Internationally renowned investor and "Commodities King" Jim Rogers said earlier at a summit in Singapore that he has completely cleared all his U.S. stock positions, holding only Chinese stocks and equities from another undisclosed country. He emphasized that "the next U.S. economic crisis will be the most severe in my lifetime."
●Cites the 1976 UK Debt Crisis as an Example
According to various media reports, Rogers directly pointed to America's debt issue, using the 1976 UK debt crisis as an example. He explained that, at the time, Britain's high public debt and out-of-control fiscal deficit led domestic institutions and investors to boycott government bonds, causing a collapse in government credit. He believes the U.S. is now heading down a similar wrong path.

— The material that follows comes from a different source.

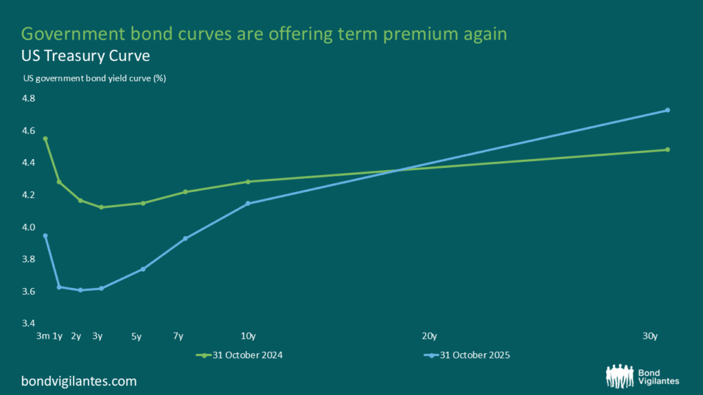 Compared to a year ago, the US Treasury curve has steepened considerably. While yields at the front end have dropped due to anticipated rate cuts, the long end of the curve has not budged. In fact, long-end bonds have sold off, giving bond investors the opportunity to lock in elevated yields. That’s quite a tempting thought, considering we’re talking about the US, which sets the global reference rate for many asset classes.

●The Dangerous Signal: 'This Time Is Different' in U.S. Stocks
Data shows that U.S. federal total debt has surpassed $38 trillion (RM160.69 trillion). Rogers emphasized that while U.S. debt is currently denominated in dollars, which reduces short-term default risk, if its global leadership is shaken, market trust in dollar assets will rapidly unravel. He noted that U.S. stocks have been in the longest bull market since 2009. Despite the market being flooded with optimistic slogans like "this time is different," he sees the greatest danger when everyone else is cheering.

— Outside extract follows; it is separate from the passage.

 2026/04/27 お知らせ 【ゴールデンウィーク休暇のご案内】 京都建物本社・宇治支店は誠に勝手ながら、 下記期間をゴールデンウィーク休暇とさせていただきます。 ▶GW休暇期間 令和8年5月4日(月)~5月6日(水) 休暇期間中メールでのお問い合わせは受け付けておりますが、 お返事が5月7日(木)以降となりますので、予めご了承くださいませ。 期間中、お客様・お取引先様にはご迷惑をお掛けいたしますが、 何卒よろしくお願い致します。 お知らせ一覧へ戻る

●Optimistic on China—Especially Tourism and Hotel Sectors
On the other hand, Rogers revealed that he is actively increasing his Chinese stock holdings and has invested in several sectors in China, especially favoring tourism and hotel industries. He highly praised China's "Belt and Road" initiative, comparing its impact to that of railroad construction in the 19th century, saying it is reshaping regional economic relations. He asserted that China will be the most important country of the 21st century and that children should learn Mandarin to prepare for the future world.
●Increasing Silver Positions, Waiting for Opportunities to Buy Gold on Dips
In terms of safe-haven asset allocation, Rogers has not increased his gold positions but stated that he will immediately buy should prices correct. By contrast, he is more optimistic about undervalued silver and has significantly increased his silver holdings recently, because "historical experience shows that silver and gold are the best safe havens during times of crisis."
However, Rogers frankly admitted that he still holds a large amount of U.S. dollar assets, but this is a "tactical arrangement," because when the crisis breaks out, panic will drive capital into the dollar, at which point he plans to sell at high prices and carry out asset rebalancing.